You can assign multiple VXLAN-DCI tunnels to a VXLAN, and configure a VXLAN-DCI tunnel to trunk multiple VXLANs. EDs use the VXLAN ID in VXLAN packets to identify the VXLAN. For a unicast-mode VXLAN, the system floods unknown unicast, multicast, and broadcast traffic to each VXLAN-DCI tunnel associated with the VXLAN.

Restrictions and guidelines

For full connectivity in the VXLAN, make sure the VXLAN contains the VXLAN-DCI tunnel between each pair of EDs in the VXLAN.

Procedure

1.     Enter system view.

system-view

2.     Enter VSI view.

vsi vsi-name

3.     Enter VXLAN view.

vxlan vxlan-id

4.     Assign VXLAN-DCI tunnels to the VXLAN.

tunnel { tunnel-number | all }

By default, a VXLAN does not contain any VXLAN-DCI tunnels.

For more information about this command, see VXLAN Command Reference.

Configuring a gateway interface on an ED

1.     Enter system view.

system-view

2.     Create a VSI interface and enter VSI interface view.

interface vsi-interface vsi-interface-id

3.     Assign an IP address to the VSI interface.

ip address ip-address { mask | mask-length } [ sub ]

By default, no IP address is assigned to a VSI interface.

4.     Specify the VSI interface as a distributed gateway.

distributed-gateway local

By default, a VSI interface is not a distributed gateway.

5.     Enable local proxy ARP.

local-proxy-arp enable [ ip-range startIP to endIP ]

By default, local proxy ARP is disabled.

For more information about this command, see proxy ARP commands in Layer 3—IP Services Command Reference.

6.     Bring up the VSI interface.

undo shutdown

By default, a VSI interface is up.

7.     Return to system view.

quit

8.     Enter VSI view.

vsi vsi-name

9.     Specify the VSI interface as the gateway interface for the VSI.

gateway vsi-interface vsi-interface-id

By default, no gateway interface is specified for a VSI.

Verifying and maintaining VXLAN-DCI

Verifying VSI configuration and running status

To display information about VSIs, execute the following command in any view:

display l2vpn vsi [ name vsi-name ] [ verbose ]

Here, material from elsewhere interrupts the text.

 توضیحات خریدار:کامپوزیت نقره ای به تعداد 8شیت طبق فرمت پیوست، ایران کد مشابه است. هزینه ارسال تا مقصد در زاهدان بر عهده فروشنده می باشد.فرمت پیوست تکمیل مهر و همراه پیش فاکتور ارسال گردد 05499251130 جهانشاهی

To clear packet statistics on VSIs, execute the following command in user view:

reset l2vpn statistics vsi [ name vsi-name ]

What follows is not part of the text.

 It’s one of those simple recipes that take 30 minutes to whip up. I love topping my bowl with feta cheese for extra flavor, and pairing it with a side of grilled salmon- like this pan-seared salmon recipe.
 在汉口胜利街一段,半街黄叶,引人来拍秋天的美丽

Verifying tunnel configuration and running status

Perform display tasks in any view.

·     Display information about tunnel interfaces.

display interface [ tunnel [ number ] ] [ brief [ description | down ] ]

For more information about this command, see tunnel interface commands in Interface Command Reference.

·     Display VXLAN-DCI tunnel information for VXLANs.

display vxlan tunnel [ vxlan-id vxlan-id ]

VXLAN-DCI configuration examples

Example: Configuring a basic VXLAN-DCI network

Network configuration

As shown in Figure 3:

·     Configure VXLAN 10 and VXLAN 20 as unicast-mode VXLANs on Switch A, Switch B, Switch D, and Switch E to provide connectivity for the VMs across the data center sites.

·     Configure Switch A and Switch E as VTEPs, and Switch B and Switch D as EDs.

·     Manually establish VXLAN tunnels and VXLAN-DCI tunnels, and assign the tunnels to the VXLANs.

Figure 3 Network diagram

‌

Prerequisites

IMPORTANT: ·     By default, interfaces on the device are disabled (in ADM or Administratively Down state). To have an interface operate, you must use the undo shutdown command to enable that interface. ·     By default, interfaces on the device are operating in Layer 3 mode. Before you configure Ethernet service instances on an interface, you must use the port link-mode command to configure the interface to operate in Layer 2 mode.

 

Procedure

 

1.     Configure IP addresses and unicast routing settings:

# Assign IP addresses to interfaces, as shown in Figure 3. (Details not shown.)

# Configure OSPF on Switches A through E. (Details not shown.)

# Configure OSPF to advertise routes to networks 10.1.1.0/24 and 10.1.2.0/24 on Switch B and Switch D. (Details not shown.)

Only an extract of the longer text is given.